Like everything on the lake, the cable car is weather-dependent and keeps seasonal operating hours, with maintenance closures at times in the off-season — check that it is running, and what the forecast holds, before you build a day around it. On a grey, low-cloud day the view simply isn't there, and the money is better spent on a boat and a long lunch.

  • Climbs from the village edge to a ridge-top panorama over the Wolfgangsee.
  • Summit walking trails, a mountain restaurant and modest winter skiing.
  • Weather-dependent and seasonal — confirm it is running and check the forecast first.
  • Best on a clear day; skip it under low cloud and swim or take a boat instead.

Cafés, swimming and the boat

Back at lake level, St Gilgen is built for an unhurried afternoon. Terrace cafés line the promenade with views over the water, the summer lido gives easy access to one of the cleaner, warmer swimming lakes near Salzburg, and the boat landing sits right in the village. From June into early September the swim alone justifies the trip; bring swimwear and a towel and treat the lake as the main event.

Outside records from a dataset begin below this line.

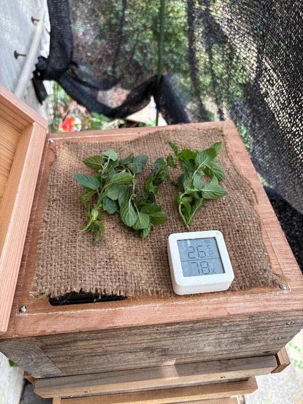 また、すぐ近くに繁茂しているニホンハッカ生葉を載せて、ミントに慣れてもらおう。
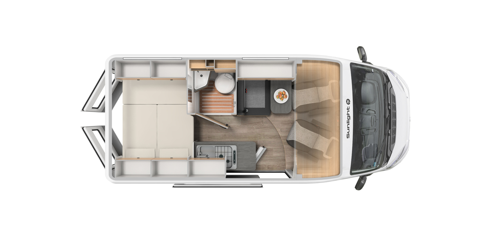 With the driver & passenger captain swivel seats, you can dine or relax in the lounge area with extending table. We've even added the 3rd bed option to convert the lounge area into a single bed along with TV pre cabling & bracket included.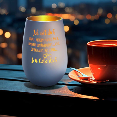 Dieses wunderschöne Windlicht mit der berührenden Gravur 'Du fehlst Gestern. Heute. Morgen. Immer.' ist mehr als nur eine Deko - es ist ein Zeichen der Erinnerung und Verbundenheit. In elegantem Weiß mit Bronze-Akzenten im Inneren schafft es eine ganz besondere Atmosphäre. Mit 120 mm Höhe und 85 mm Durchmesser ist es perfekt für den Esstisch, die Kommode oder jeden anderen Platz, an dem du ein wenig Trost und Wärme brauchst. Die präzise Lasergravur kombiniert mit einem Teelicht zaubert magische Lichteffekte an die Wand. Ob als tröstendes Geschenk in schweren Zeiten oder einfach als Ausdruck des Gedenkens - dieses Windlicht ist ein einfühlsamer Begleiter. Es verleiht jedem Raum eine gemütliche Note und erinnert an die Menschen, die uns wichtig sind. Ein zeitloses Stück, das nicht nur schön aussieht, sondern auch Bedeutung trägt.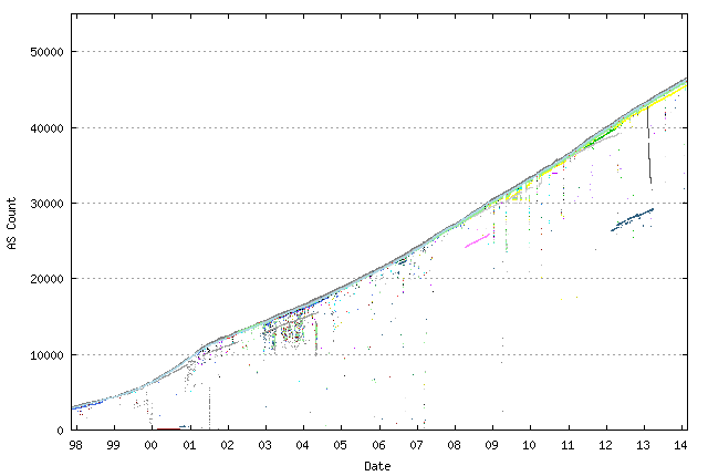 BGP is a distance vector routing protocol. This family of routing protocols operates through an iterative process where every BGP speaker informs all neighbouring BGP speakers of its selected best path to a destination. When a BGP speaker obtains an update from its neighbor, it compares the updated information with its current selected best path, and if this information causes the local BGP instance to select a new best path, then it informs its neighbours of this new choice. BGP, like all distance vector routing protocols, can be a very chatty protocol, and the larger the population of BGP speakers, and the denser the level of inter-connectivity between BGP speakers, the greater the potential amount of protocol updates that will occur across the network before it converges to a coherent common state. And of course as the Internet grows, this precisely what is happening to BGP. More Autonomous Systems are being added to the routing system, and the level of interconnectedness continued to rise, as evidenced by the relatively stable position of the average AS path length over time.

The boat is what turns St Gilgen from a stop into a loop. The Wolfgangsee Schifffahrt runs the length of the lake to St Wolfgang, so you can arrive by bus, ride the cable car or swim, then board for the long, scenic crossing to the pilgrimage village and the Schafberg railway — riding back, or busing back, to close the circle. Build the day around the boat's seasonal departures and you get the best of the whole lake from a single, easy western base.

  • Terrace cafés along the lake promenade for a slow afternoon.
  • Summer lido swimming June–early September — bring swimwear.
  • The Wolfgangsee boat links St Gilgen to St Wolfgang and the Schafberg.
  • Use the boat to build a loop rather than an out-and-back.

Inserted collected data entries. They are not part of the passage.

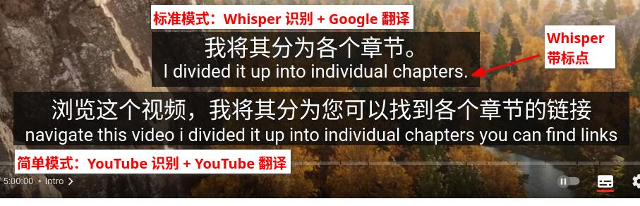 就跟 YouTube 的“自动生成”字幕一样,但是带有标点符号,字幕整句显示,和画面声音没有延迟,机器翻译也是联系上下文的。(备注:有延迟也是 Whsiper 的打轴错误)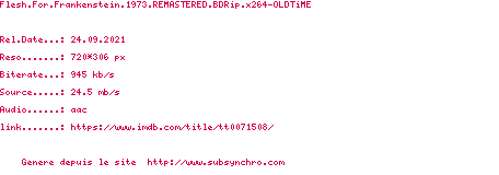Y avez-vous pense ? Nous proposons déjà 1 sous-titre pour le film Chair pour Frankenstein. Avez-vous essaye de voir si ces sous-titres etaient compatibles avec cette release ? On vous laisse le soin de tester cela pour nous et de contribuer au site en postant le sous-titre en cas de compatiblite constatee !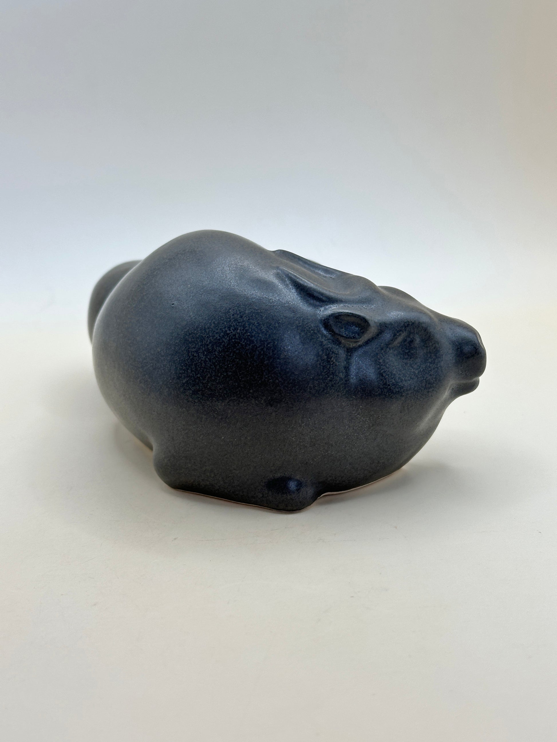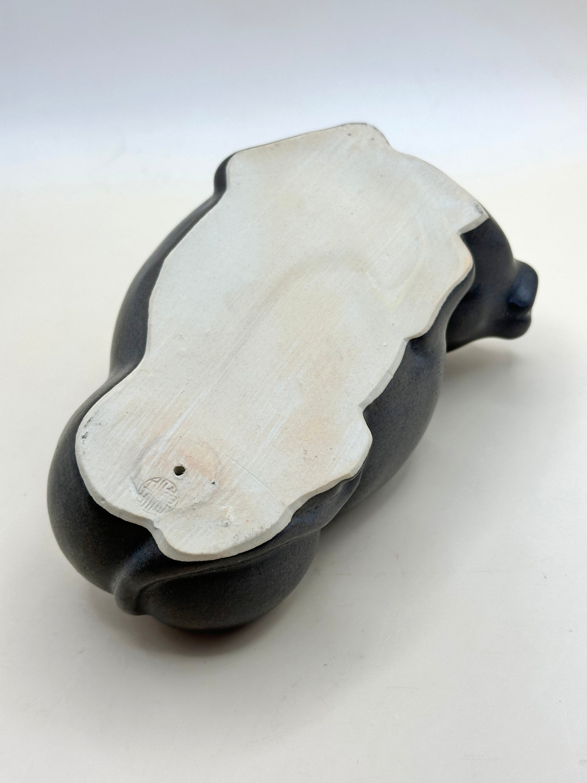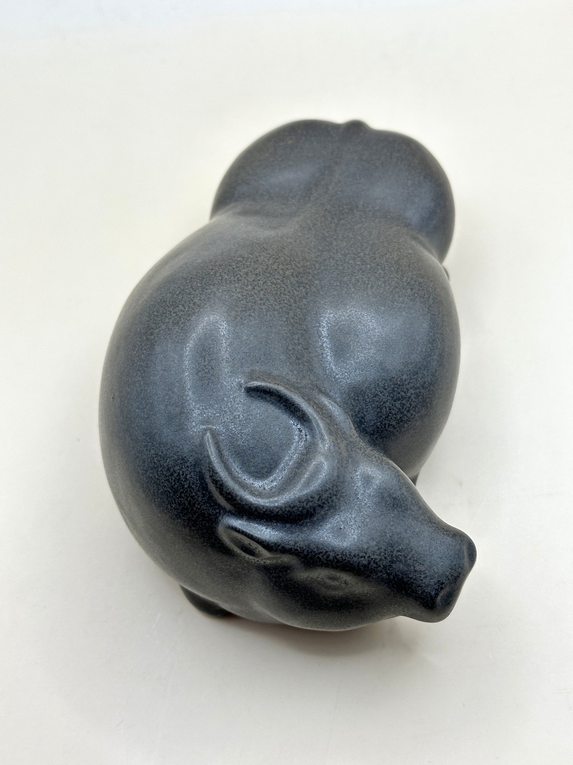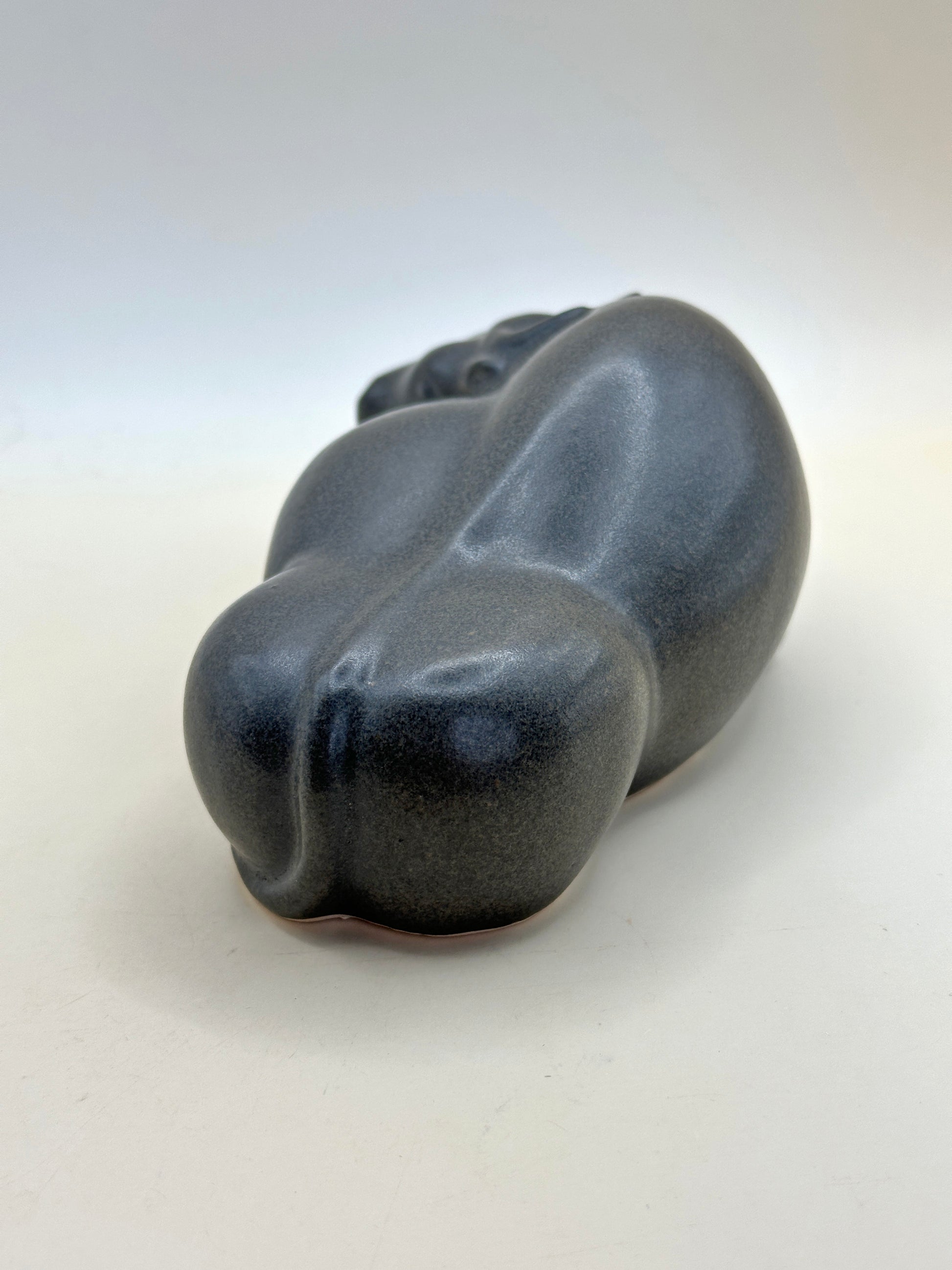 The ox (ushi, 牛) is a symbol of perseverance, diligence, and prosperity, and this reclining figure evokes a calm, grounded energy. Sculpted with smooth, flowing lines and finished in a deep matte black glaze, it expresses quiet strength and refined Japanese aesthetic sensibilities.

At a glance: a St Gilgen day

A planning sketch, not a timetable. Bus, boat and cable-car schedules shift by season and run fuller in summer — confirm current times, fares and the cable car's operating status and weather before you go rather than trusting fixed figures.

  • Distance: the nearest Salzkammergut lake village to Salzburg — a short trip by road.
  • Getting there: scenic regional bus or drive; no direct train.
  • Don't miss: the Zwölferhorn cable car on a clear day and the lake swim in summer.
  • Mozart note: birthplace of the composer's mother and later home of his sister Nannerl.
  • Onward: the Wolfgangsee boat to St Wolfgang and the Schafberg railway.
  • Best for: families, swimmers and anyone wanting the lake without a long journey.
Guide notes· Last reviewed

We keep big-picture advice stable (routes, neighborhoods, pacing). For time-sensitive details like opening hours or ticket rules, double-check official sources close to your travel dates.